As carrier gas extraction and other purification technologies mature, operators may also increasingly find it more economical to treat water to a potable standard and discharge or sell it, rather than truck or pipeline it to distant disposal facilities outside the OCC area of interest. For operators that can bring Total Dissolved Solids (TDS) or Total Soluble Salts (TSS) below 5,000 mg/l and oil and grease below 1,000 mg/l, the OCC will likely issue them a permit for direct surface discharge of the water. Okla. Admin. Code 165:10-7-17. Surface discharge also requires that the land have an Exchangeable Sodium Percentage no greater than 15, a maximum slope of 5 percent, at least 20 inches’ depth to bedrock, and slight salinity in the topmost six inches of the soil (electrical conductivity of less than 4,000 microohms/cm). Id.

Realistically, water treated with carrier gas extraction would be much more pure—essentially the quality of distilled water—and so operators would likely be able to seek surface discharge and/or the ability to discharge directly into waterways. This would entail additional permitting work under the Federal Clean Water Act and other relevant state and local laws, but it raises interesting possibilities.
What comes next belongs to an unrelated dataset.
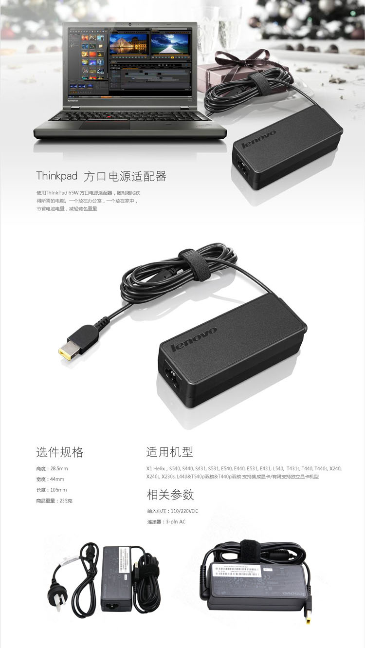 聯(lián)想ThinkPad 0B47488 方口電源適配器 65W

Finally, water capable of meeting the standards enumerated above might also be a candidate for sale to agricultural or other interests in need of freshwater. There is a precedent for such actions. As of April 2015, farmers in California’s parched, but fertile San Joaquin Valley had used at least 25,000 acre-feet (8.15 billion gallons) of treated produced water to irrigate crops. If industry can provide treated produced water to farmers under California’s tough regulatory regime, it stands to reason that under Oklahoma’s more pro-market political system, such transfers would be highly feasible assuming water can be treated to a truly potable standard.

The Salt Challenge

Distillation of salty oilfield water leaves behind a superconcentrated brine. Converting this into dry salt likely will not be the solution, for the salt volumes are simply too large. If 1 million barrels per day of produced water from the Mississippian Lime with a TDS concentration of 190,000 mg/l that was 80 percent sodium chloride were completely distilled, 8.8 million tonnes per year of salt would be left behind—more than 20 percent of annual U.S. salt production.
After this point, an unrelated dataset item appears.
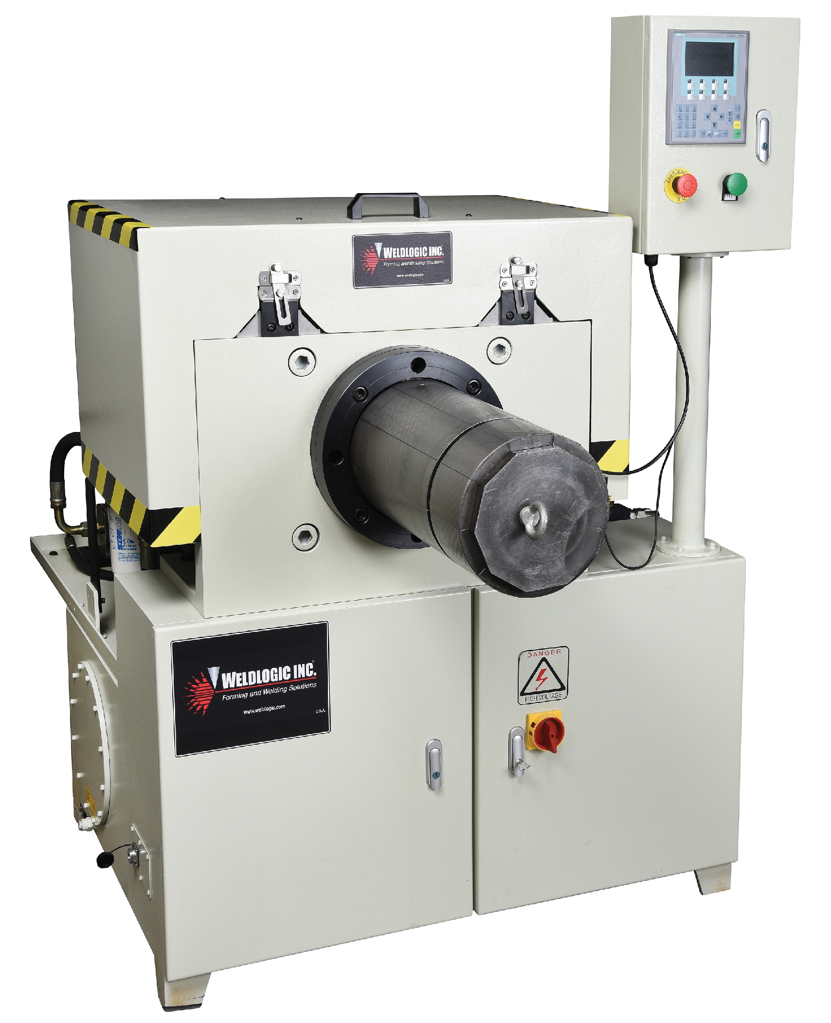 To pre-form the lead and lag of difficult to form materials. Weldlogic engineers have designed a compact 12 ton press with hardened tooling to form the ideal lead/lag edges.

This massive rock salt volume would crater salt prices and also pose severe logistical challenges—imagine mile-long unit trains of salt crossing the prairie. A more practical solution is to distill the water until a fluid-concentrated brine is left behind, and then inject this waste stream into deep disposal wells. Such an outcome would help industry repurpose valuable water, minimize the salt mass balance problem, and dramatically reduce the volume of fluid injected into the Arbuckle and other formations that may be vulnerable to seismic activity.
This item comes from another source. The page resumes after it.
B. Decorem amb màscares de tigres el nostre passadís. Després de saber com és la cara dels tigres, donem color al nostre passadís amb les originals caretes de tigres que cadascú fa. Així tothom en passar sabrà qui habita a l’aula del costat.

The OCC’s produced water injection restrictions pose a serious operational and economic challenge to Oklahoma oil and gas operators. Technological solutions providers will seize this opportunity to test oilfield water treatment options in an environment of necessity, and at an unprecedented scale. A tougher challenge will be crafting the appropriate legal and regulatory frameworks to maximize the positive impacts of technology and allow Oklahoma’s dynamic and entrepreneurial oil and gas operators to continue developing the state’s resources and creating economic opportunities for the state’s citizens. The OCC should kick-start this process by looking to the Texas Railroad Commission and its forward-looking fluid recycling rules.